Please give the lines below again exactly as they stand, from the one that contains "وميلان الدوائر الكهربائية." up to and including the one that contains "Women's High-Waist Washed", leaving all pictures out.

● DATA SECTION
'''

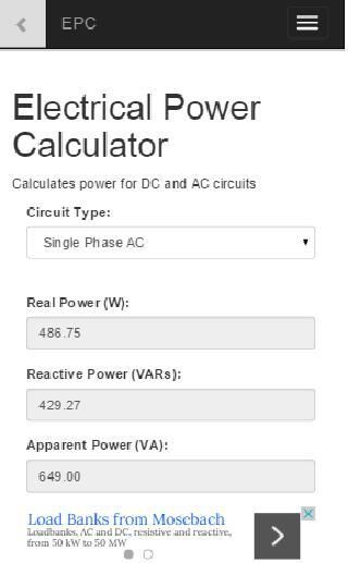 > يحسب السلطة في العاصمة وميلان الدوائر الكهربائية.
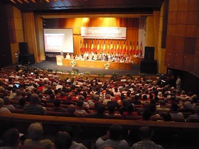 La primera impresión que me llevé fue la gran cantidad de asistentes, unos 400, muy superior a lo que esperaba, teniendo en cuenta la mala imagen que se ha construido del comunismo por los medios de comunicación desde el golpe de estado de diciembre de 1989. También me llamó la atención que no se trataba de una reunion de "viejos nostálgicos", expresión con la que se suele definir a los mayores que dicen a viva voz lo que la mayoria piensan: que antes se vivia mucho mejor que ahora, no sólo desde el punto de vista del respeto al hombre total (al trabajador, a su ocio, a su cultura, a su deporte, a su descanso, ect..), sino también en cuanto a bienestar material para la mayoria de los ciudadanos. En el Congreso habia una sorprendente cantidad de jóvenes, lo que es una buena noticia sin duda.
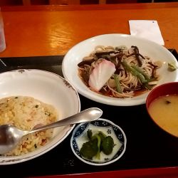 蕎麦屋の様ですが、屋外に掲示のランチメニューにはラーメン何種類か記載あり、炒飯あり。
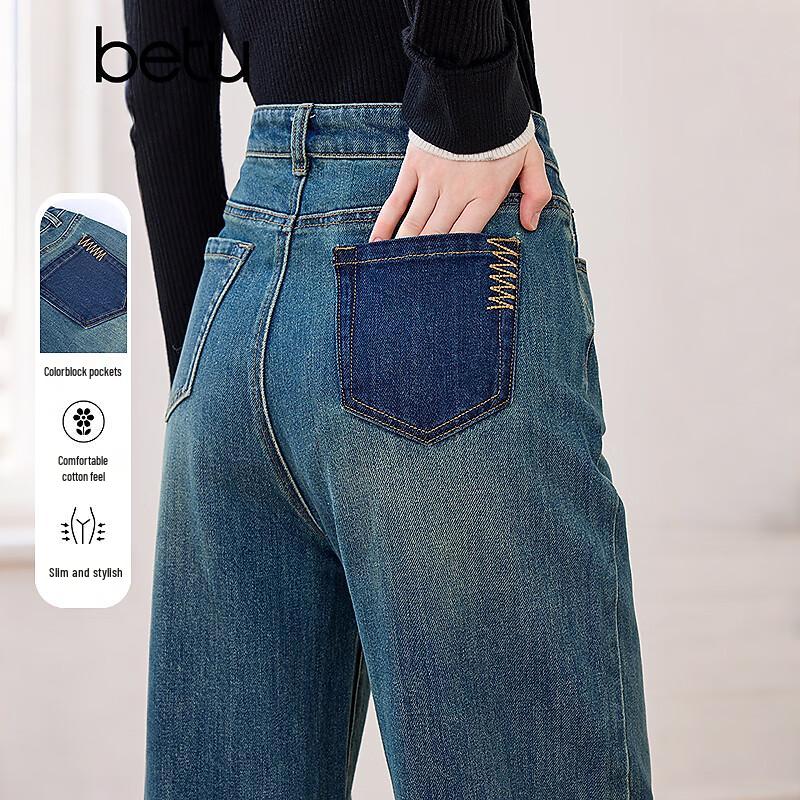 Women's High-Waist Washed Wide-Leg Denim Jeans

'''
'''

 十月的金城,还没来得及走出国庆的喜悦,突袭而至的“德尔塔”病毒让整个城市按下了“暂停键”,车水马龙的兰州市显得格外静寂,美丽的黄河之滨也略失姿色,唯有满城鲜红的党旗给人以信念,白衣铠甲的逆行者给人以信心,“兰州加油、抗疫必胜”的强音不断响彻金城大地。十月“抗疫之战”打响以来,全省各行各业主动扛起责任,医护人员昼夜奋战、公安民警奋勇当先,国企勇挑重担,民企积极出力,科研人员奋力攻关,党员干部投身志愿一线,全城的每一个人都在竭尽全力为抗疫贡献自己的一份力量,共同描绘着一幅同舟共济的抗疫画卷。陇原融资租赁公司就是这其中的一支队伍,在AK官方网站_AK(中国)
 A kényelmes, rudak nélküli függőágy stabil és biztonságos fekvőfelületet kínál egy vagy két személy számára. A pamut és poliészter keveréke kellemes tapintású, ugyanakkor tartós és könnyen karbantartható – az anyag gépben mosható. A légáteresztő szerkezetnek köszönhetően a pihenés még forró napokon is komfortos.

'''
'''

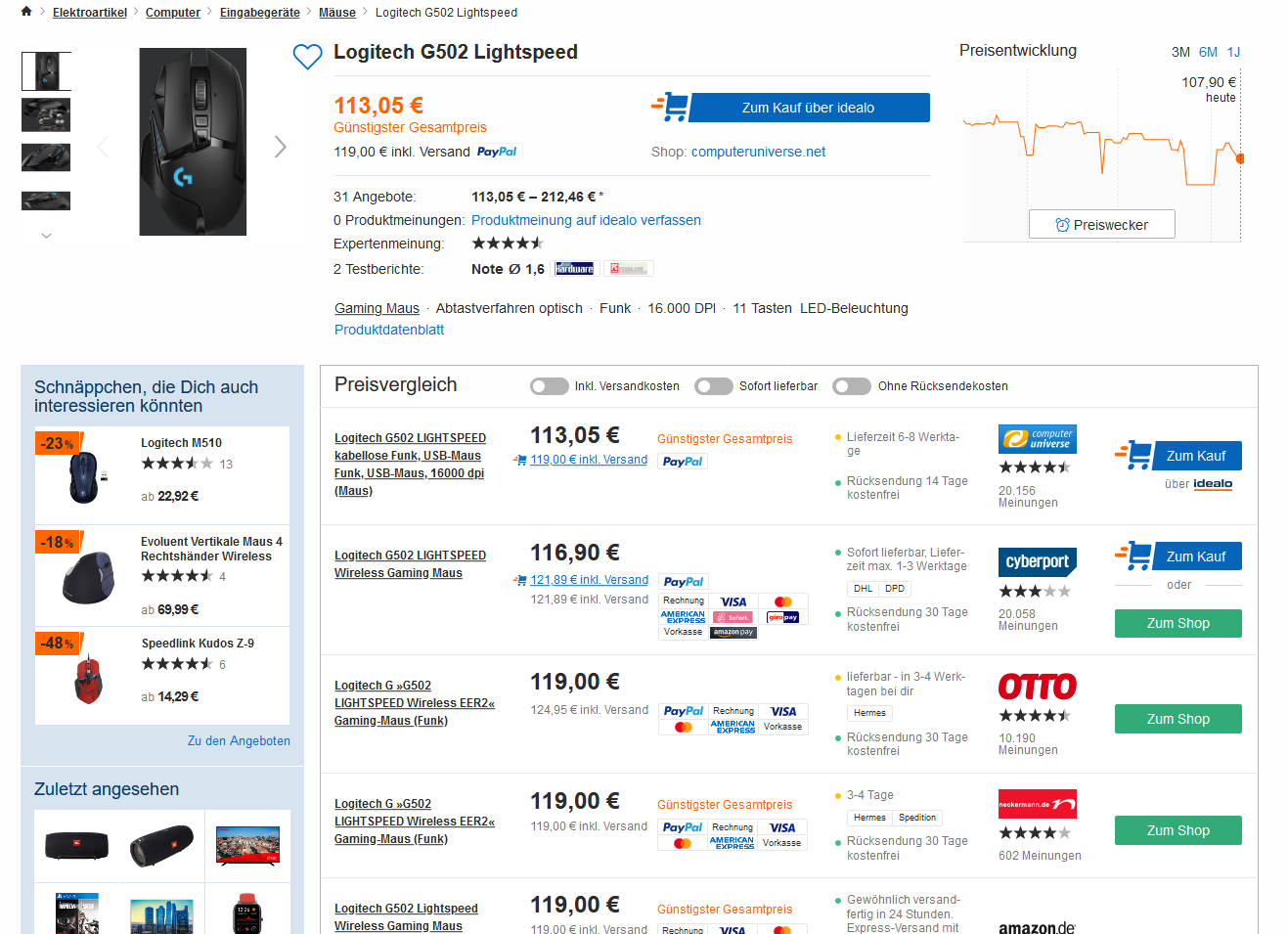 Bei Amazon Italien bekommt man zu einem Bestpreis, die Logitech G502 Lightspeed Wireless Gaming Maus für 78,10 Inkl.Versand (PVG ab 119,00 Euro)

'''

● SOLUTION TO THE PROBLEM
 > يحسب السلطة في العاصمة وميلان الدوائر الكهربائية.
 La primera impresión que me llevé fue la gran cantidad de asistentes, unos 400, muy superior a lo que esperaba, teniendo en cuenta la mala imagen que se ha construido del comunismo por los medios de comunicación desde el golpe de estado de diciembre de 1989. También me llamó la atención que no se trataba de una reunion de "viejos nostálgicos", expresión con la que se suele definir a los mayores que dicen a viva voz lo que la mayoria piensan: que antes se vivia mucho mejor que ahora, no sólo desde el punto de vista del respeto al hombre total (al trabajador, a su ocio, a su cultura, a su deporte, a su descanso, ect..), sino también en cuanto a bienestar material para la mayoria de los ciudadanos. En el Congreso habia una sorprendente cantidad de jóvenes, lo que es una buena noticia sin duda.
 蕎麦屋の様ですが、屋外に掲示のランチメニューにはラーメン何種類か記載あり、炒飯あり。
 Women's High-Waist Washed Wide-Leg Denim Jeans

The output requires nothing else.